3. Monolignols, p- coumaryl alcohol (HA), coniferyl alcohol (CA) and sinapyl alcohol (SA), are
supplied to the differentiating cell wall as their stable and water soluble derivative, p- glucocoumaryl alcohol, coniferin, and syringin. Hydrolysis of these glucosides by ß-glucosidase
liberates monolignols and glucose, and oxidation of the liberated glucose by glucose oxidase
and oxygen may produce hydrogen peroxide. Polymerization of monolignols is effected by the
hydrogen peroxide and peroxidase, or by laccase and oxygen. The kind of monolignol supplied
to the cell wall changes with the age of the cell in the order of HA, CA and SA. This causes
structural heterogeneity of protolignin in the cell wall, so that there is a higher content of phydroxyphenyl- and guaiacyl lignin in the CML and CC, and a higher content of guaiacyl and
syringyl lignin in SW regions. The CML and CC lignins contain more condensed structures
than SW lignin does.
4. Polymerization of monolignols occurs in a swollen hydrophilic gel of PEC or HC. The
deposition of oligolignols in the HC gel changes the system from hydrophilic to hydrophobic,
and water is ejected from the system toward the interior of the differentiating cell wall. As a
result, the swollen gel shrinks, and the distance between oligomers becomes short enough to
form new linkages between oligomers. Calcium ions and enzymes bound to HC are replaced
by oligolignols and ejected toward the interior of the cell wall with the ejected water.

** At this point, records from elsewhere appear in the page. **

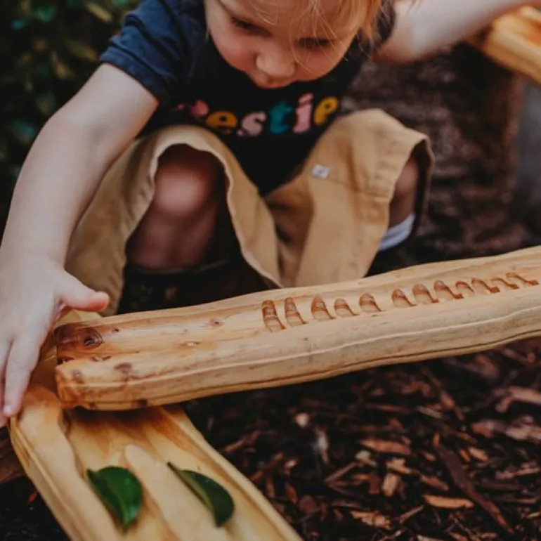 Children can construct their own wooden watercourses and then watch the water cascade down these rustic wooden channels as they pour the water down a handcrafted wooden funnel.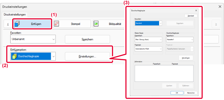Wenn zum Beispiel das Drucken einer Durchschlagkopie gewählt
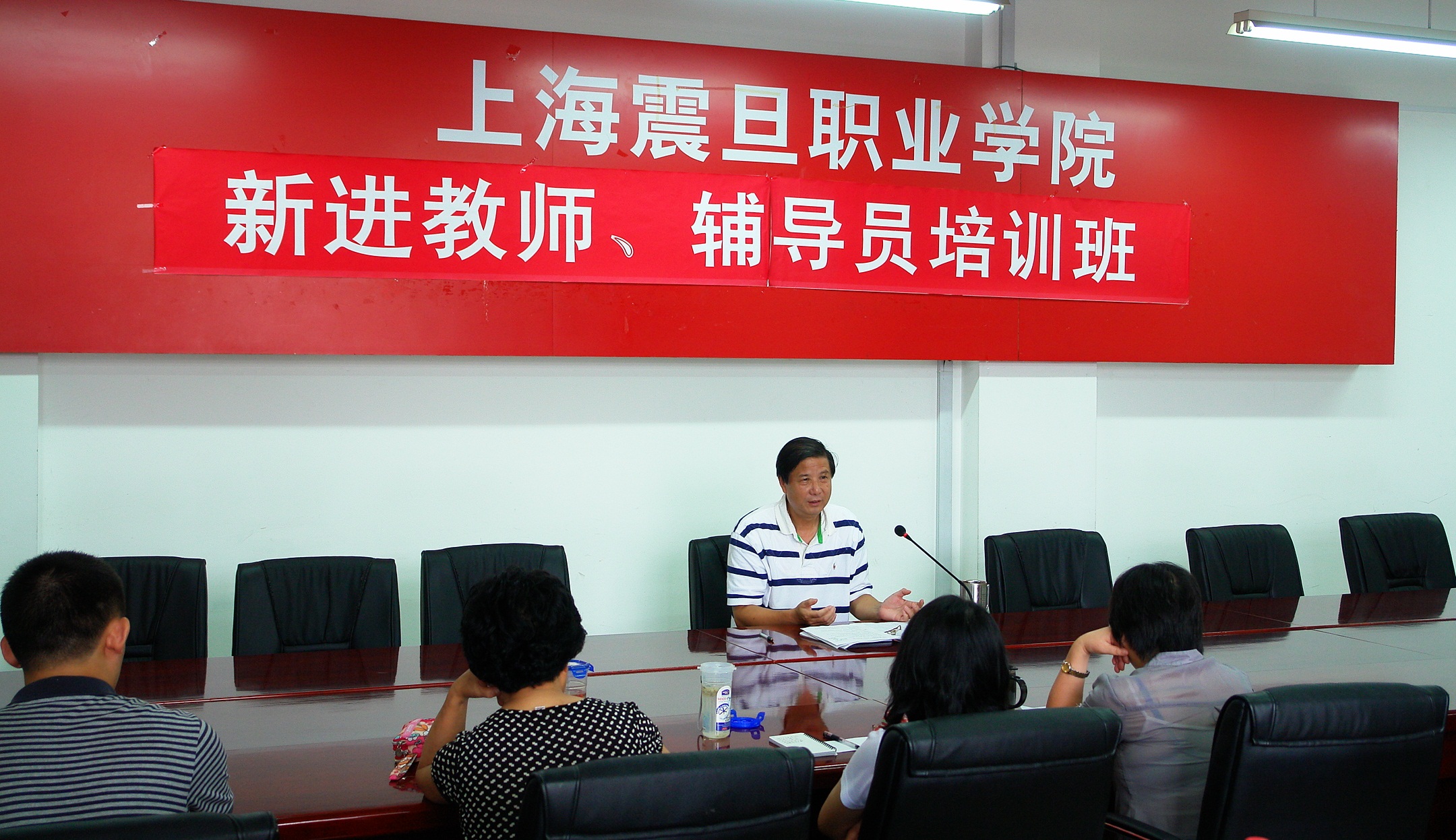 2012年9月4日,新进教师、辅导员培训班在我院会议室举行。图为院长杜飞龙为新进教师作培训。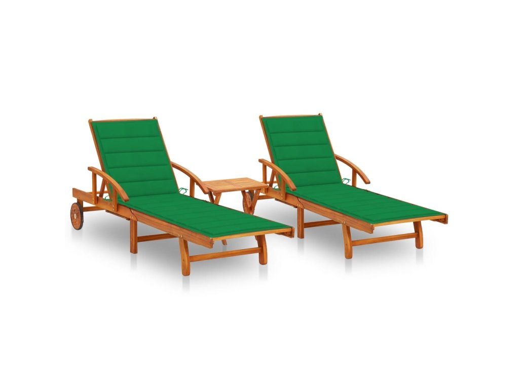 Zahradní lehátka 2 ks se stolkem a poduškami masivní akácie 3077350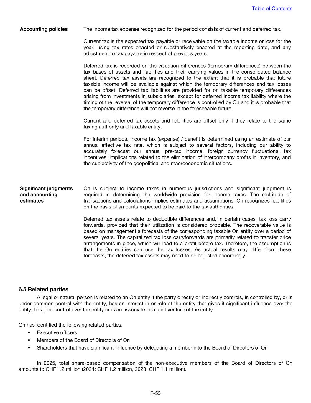 Accounting policies The income tax expense recognized for the period consists of current and deferred tax. Current tax is the expected tax payable or receivable on the taxable income or loss for the year, using tax rates enacted or substantively enacted at the reporting date, and any adjustment to tax payable in respect of previous years. Deferred tax is recorded on the valuation differences (temporary differences) between the tax bases of assets and liabilities and their carrying values in the consolidated balance sheet. Deferred tax assets are recognized to the extent that it is probable that future taxable income will be available against which the temporary differences and tax losses can be offset. Deferred tax liabilities are provided for on taxable temporary differences arising from investments in subsidiaries, except for deferred income tax liability where the timing of the reversal of the temporary difference is controlled by On and it is probable that the temporary difference will not reverse in the foreseeable future. Current and deferred tax assets and liabilities are offset only if they relate to the same taxing authority and taxable entity. For interim periods, Income tax (expense) / benefit is determined using an estimate of our annual effective tax rate, which is subject to several factors, including our ability to accurately forecast our annual pre-tax income, foreign currency fluctuations, tax incentives, implications related to the elimination of intercompany profits in inventory, and the subjectivity of the geopolitical and macroeconomic situations. Significant judgments and accounting estimates On is subject to income taxes in numerous jurisdictions and significant judgment is required in determining the worldwide provision for income taxes. The multitude of transactions and calculations implies estimates and assumptions. On recognizes liabilities on the basis of amounts expected to be paid to the tax authorities. Deferred tax assets relate to deductible differences and, in certain cases, tax loss carry forwards, provided that their utilization is considered probable. The recoverable value is based on management's forecasts of the corresponding taxable On entity over a period of several years. The capitalized tax loss carryforwards are primarily related to transfer price arrangements in place, which will lead to a profit before tax. Therefore, the assumption is that the On entities can use the tax losses. As actual results may differ from these forecasts, the deferred tax assets may need to be adjusted accordingly. 6.5 Related parties A legal or natural person is related to an On entity if the party directly or indirectly controls, is controlled by, or is under common control with the entity, has an interest in or role at the entity that gives it significant influence over the entity, has joint control over the entity or is an associate or a joint venture of the entity. On has identified the following related parties: • Executive officers • Members of the Board of Directors of On • Shareholders that have significant influence by delegating a member into the Board of Directors of On In 2025, total share-based compensation of the non-executive members of the Board of Directors of On amounts to CHF 1.2 million (2024: CHF 1.2 million, 2023: CHF 1.1 million). Table of Contents F-53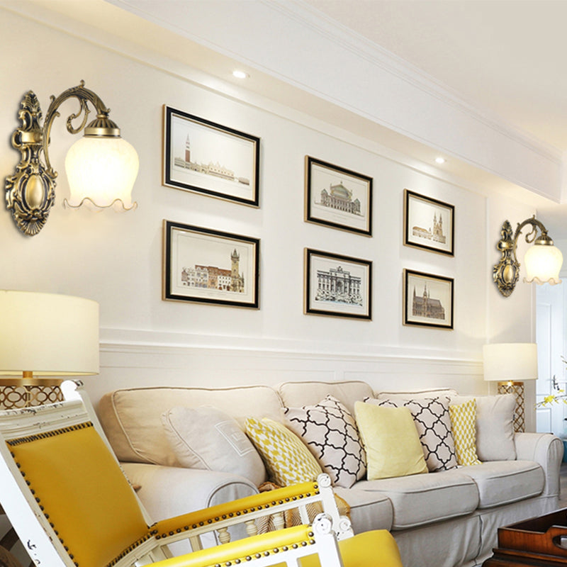 Vivolux | Traditionale Blumentapete Wandlicht Frost Glas Wandlicht Leuchte mit Rüschensaum für Flur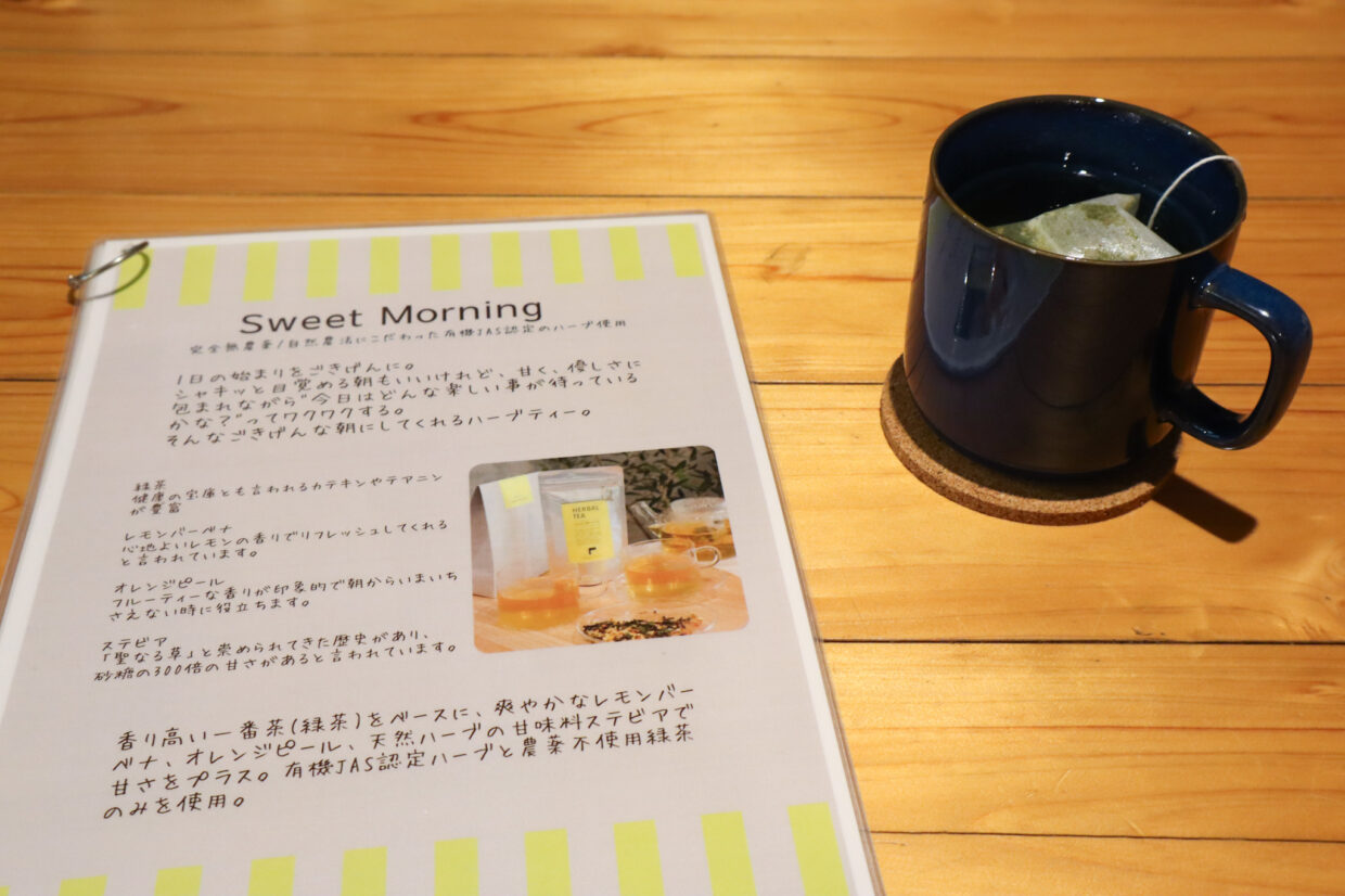 お店ではほかに、「ヘルシーデイタイム」「ヒーリングナイト」「ハーブクレンズ」の3種類を取り揃えています。「スイートモーニング」は一口飲むと気分がほっこり。リラックスできる味わいでした。

Based on the above hypothesis, guaiacyl-type synthetic lignins (dehydrogenative polymer of
monolignol, DHP) were prepared from coniferin by the action of ß-glucosidase and peroxidase,
with hydrogen peroxide generated in situ through the action of oxygen and glucose oxidase on
the glucose liberated from the coniferin. Polylignols were also prepared from CA under the
condition of continuous removal of water from the polymerization system. The structure of
these novel polylignols approximated that of native lignin more closely than did the structure of
polylignols prepared by the conventional method from CA. The significant differences were
higher contents of ß-O-4’, 5-5’,4-O-5’ and ß-1’ substructures, and lower content of ß-ß’, ß-5’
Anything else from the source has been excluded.